= S1000D =

Specification on publishing technical information

Logo S1000D

S1000D is an international specification for the procurement and production of technical publications. It is an XML specification for preparing, managing, and publishing technical information for a product. It was initially developed by the AeroSpace and Defence Industries Association of Europe (ASD) for use with military aircraft. Since Issue 2 the scope has been extended to include land, sea and even non-equipment products. It is widely used in civil as well as military products.
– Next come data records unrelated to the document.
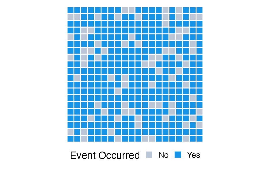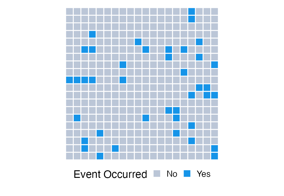 * Use the Palmer penguins dataset * Plot the mean `bill_length_mm` for each species with 95% confidence intervals ```r library(palmerpenguins) penguins ``` ``` ## # A tibble: 344 × 8 ## species island bill_length_mm ## <fct> <fct> <dbl> ## 1 Adelie Torgersen 39.1 ## 2 Adelie Torgersen 39.5 ## 3 Adelie Torgersen 40.3 ## 4 Adelie Torgersen NA ## 5 Adelie Torgersen 36.7 ## 6 Adelie Torgersen 39.3 ## # … with 338 more rows, and 5 more variables: ## # bill_depth_mm <dbl>, ## # flipper_length_mm <int>, ## # body_mass_g <int>, sex <fct>, year <int> ``` --- # Solution Or one possible solution ```r mn_se <- penguins %>% group_by(species) %>% summarize( mean = mean(bill_length_mm, na.rm = TRUE), se = sd(bill_length_mm, na.rm = TRUE) / sqrt(n()), lower = mean + qnorm(0.025) * se, upper = mean + qnorm(0.975) * se, ) %>% mutate(species = fct_reorder(species, mean)) ggplot(mn_se, aes(mean, species)) + geom_errorbarh(aes(xmin = lower, xmax = upper)) + geom_point() ``` --- class: middle <!-- --> --- # Change the height ```r ggplot(mn_se, aes(mean, species)) + geom_errorbarh(aes(xmin = lower, xmax = upper), height = 0.2) + geom_point() ``` <!-- --> --- # Slight variant ```r ggplot(mn_se, aes(mean, species)) + geom_linerange(aes(xmin = lower, xmax = upper)) + geom_point() ``` <!-- --> --- # Dodging ```r props <- mpg %>% count(drv, year) %>% mutate(prop = n / sum(n), prop_se = sqrt((prop * (1 - prop)) / n)) head(props) ``` ``` ## # A tibble: 6 × 5 ## drv year n prop prop_se ## <chr> <int> <int> <dbl> <dbl> ## 1 4 1999 49 0.2094017 0.05812594 ## 2 4 2008 54 0.2307692 0.05733508 ## 3 f 1999 57 0.2435897 0.05685528 ## 4 f 2008 49 0.2094017 0.05812594 ## 5 r 1999 11 0.04700855 0.06381703 ## 6 r 2008 14 0.05982906 0.06338631 ``` --- # Bar plot ```r ggplot(props, aes(drv, prop)) + geom_col(aes(fill = factor(year)), position = "dodge") ``` <!-- --> --- # 🤦♂️ ```r ggplot(props, aes(drv, prop)) + geom_col(aes(fill = factor(year)), position = "dodge") + geom_errorbar( aes(ymin = prop - 1.96 * prop_se, ymax = prop + 1.96 * prop_se), color = "gray40" ) ``` <!-- --> --- ```r *pd <- position_dodge(.9) ggplot(props, aes(drv, prop)) + * geom_col(aes(fill = factor(year)), position = pd) + geom_errorbar( aes(ymin = prop - 1.96 * prop_se, ymax = prop + 1.96 * prop_se), color = "gray40", * position = pd ) ``` <!-- --> --- class: inverse-blue background-image: url(https://media.tenor.co/images/95fa72ff808f6b601e16df7ae25e0cec/raw) background-size: cover --- ```r pd <- position_dodge(.9) ggplot(props, aes(drv, prop)) + geom_col(aes(fill = factor(year)), position = pd) + geom_errorbar( aes(ymin = prop - 1.96 * prop_se, ymax = prop + 1.96 * prop_se, * group = year ), color = "gray40", position = pd ) ``` <!-- --> --- ```r pd <- position_dodge(.9) ggplot(props, aes(drv, prop)) + geom_col(aes(fill = factor(year)), position = pd) + geom_errorbar( aes( ymin = ifelse( * prop - 1.96 * prop_se < 0, * 0, prop - 1.96*prop_se * ), ymax = prop + 1.96 * prop_se, group = year ), color = "gray40", position = pd, * width = 0.5, * size = 1.4 ) ``` --- class: middle <!-- --> --- # Explain error bars Error bars could represent any of the following * Standard deviation (of the data) * Standard error (of the estimate) * Confidence interval (of the estimate) -- Possibly through a caption, make sure your audience knows what your represent. -- If Confidence intervals, state the interval size (e.g., 68%, 90%, 95%) --- # Thinking about uncertainty Uncertainty means exactly what it sounds like - we are not 100% sure. * We are nearly always uncertain of future events (forecasting) * We can also be uncertain about past events + I saw a parked car at 8 AM, but the next time I looked at 2PM it was gone. What time did it leave? -- ### Quantifying uncertainty * We quantify our uncertainty mathematically using probability * Framing probabilities as frequencies is generally more intuitive --- class: inverse-blue center middle # Framing a single uncertainty --- background-image:url("https://serialmentor.com/dataviz/visualizing_uncertainty_files/figure-html/probability-waffle-1.png") background-size:contain --- # How do we make these? * Start out by making a grid ```r grid <- expand.grid(x = 1:20, y = 1:20) head(grid) ``` ``` ## x y ## 1 1 1 ## 2 2 1 ## 3 3 1 ## 4 4 1 ## 5 5 1 ## 6 6 1 ``` ```r tail(grid) ``` ``` ## x y ## 395 15 20 ## 396 16 20 ## 397 17 20 ## 398 18 20 ## 399 19 20 ## 400 20 20 ``` --- # Look at the grid ```r ggplot(grid, aes(x, y)) + geom_tile(color = "gray40", fill = "white") + theme_void() ``` <!-- --> --- # Create occurrence rate * For each sequence of `x`, create a variable that has the given occurence rate -- ### How? -- * Plenty of options, here's one -- ## Please follow along --- # Consider 10% ```r # create your grid grid <- expand.grid(x = 1:20, y = 1:20) # n to sample n_sample <- nrow(grid) * .10 set.seed(86753098) samp <- sample(seq_len(nrow(grid)), n_sample) head(samp) ``` ``` ## [1] 318 134 180 283 177 248 ``` ```r length(samp) ``` ``` ## [1] 40 ``` --- # Create the variable ```r grid <- grid %>% rownames_to_column("row_id") %>% mutate(event = ifelse(row_id %in% samp, "Yes", "No")) head(grid) ``` ``` ## row_id x y event ## 1 1 1 1 No ## 2 2 2 1 No ## 3 3 3 1 No ## 4 4 4 1 No ## 5 5 5 1 Yes ## 6 6 6 1 No ``` --- # Fill in ```r ggplot(grid, aes(x, y)) + geom_tile(aes(fill = event), color = "white") + theme_void() ``` <!-- --> --- # Customize ```r library(colorspace) ggplot(grid, aes(x, y)) + geom_tile(aes(fill = event), color = "white", size = 1.4) + scale_fill_manual( name = "Event Occurred", values = c( desaturate(lighten("#1694E8", 0.5), 0.7), "#1694E8" ) ) + coord_fixed() + theme_void() + theme(legend.position = c(0.75, 0), legend.direction = "horizontal", plot.margin = margin(b = 1, unit = "cm")) ``` --- class: middle <!-- --> --- # Chance of rain <!-- --> --- # Vary grid size ### 10 x 10 <!-- --> --- # Vary grid size ### 20 x 20 <!-- --> --- # Vary grid size ### 30 x 30 <!-- --> -- Optimal size might depend on your ve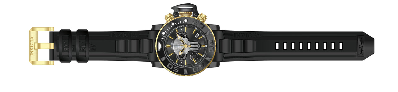 Band Material: Silicone, Band Tone: Black, Band Width: 24MM, Band Length: 225MM, Crown Type: Push, Case Material: Stainless Steel, Case Tone: Black, Gold, Case Size [mm]: 46, Color of Hands: Luminous, Gold, Crystal Type: Flame Fusion, Bezel Material: Stainless Steel, Dial Material: Metal, Dial Color: Black .Purchasing these parts and having a non-authorized repair center open your watch voids all manufacturing warranties. Invicta cannot guarantee the quality standards of an altered timepiece, the standard 3-year limited warranty on Invicta timepieces shall be invalid if the timepiece is serviced at any time by an unauthorized repair center. This includes battery replacements, which must be done at an Invicta authorized repair center in order to maintain the eligibility of the warranty. Please follow the link below to learn more about Invicta's warranty.https://cdn.invictawatch.com/www/files/invicta-warranty-2018.pdf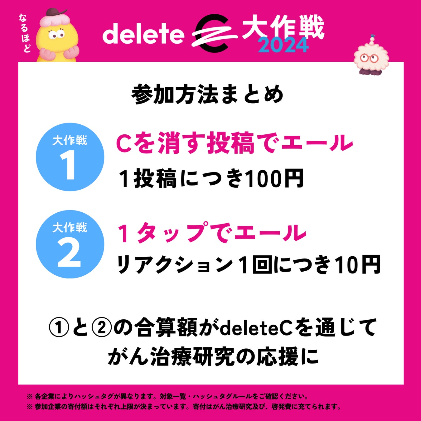 1投稿あたり100円が、1リポスト/1シェア/いいね(※1)/1再生/あたり10円が、がん治療研究への寄付・啓発費用として、当社からdeleteCに贈られます(※2)。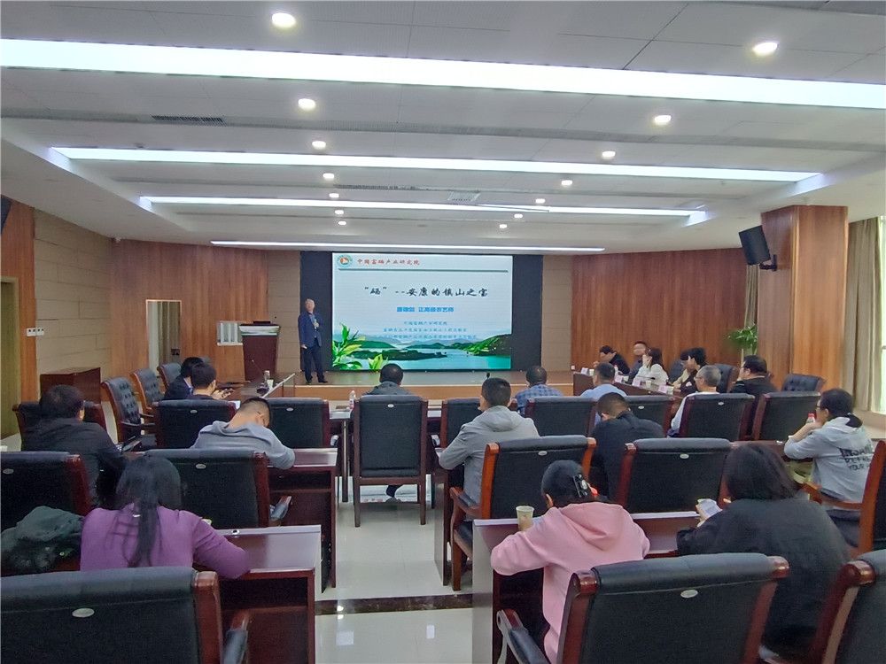 会上,安康市富硒产品研发中心副主任、农业农村部富硒产品开发与治理控制重点实验室主任、高级农艺师唐德剑为大家做了题为“硒-安康的镇山之宝”学术报告。报告从“硒是什么”、“中国硒资源分布”、“安康硒资源现状”、“硒与医疗健康”等相关知识,重点介绍了“安康富硒自信”——全国最大的天然富硒区,被誉为“中国硒谷”;被专家评价为“优质、环保、安全”的富硒区域;拥有“天然富硒”+“特色生物”+“最佳生态”=全国“唯一”的独特区域优势资源。报告总结了安康富硒产业发展成就及安康富硒产业发展面临的难题,提出当前安康富硒产业发展迫切需要解决的科研问题。

S1000D is part of the S-Series of ILS specifications.

S1000D is maintained by the S1000D Steering Committee, which includes board members from AeroSpace and Defence Industries Association of Europe (ASD), the United States' Aerospace Industries Association (AIA), and the Air Transport Association (ATA), along with industry and defence representatives from most of the countries currently using the specification.
The specification is free to download and use, although commercial products and services are available.

== Main principles ==
S1000D requires information to be created as individual data items, called data modules (DM), which are structured with XML elements and metadata. Each DM is self-contained and may be used wherever that piece of information is needed. They are organised into an hierarchical XML structure through the use of data module coding. This permits the updating of single data items without necessarily changing the path in the XML structure which points to them. Knowledge so partitioned and classified can therefore be shared among many publications, and updating of items in the underlying controlled source will automatically affect updating of the dependent publications. The actual XML hierarchy must be designed specifically for each different knowledge domain.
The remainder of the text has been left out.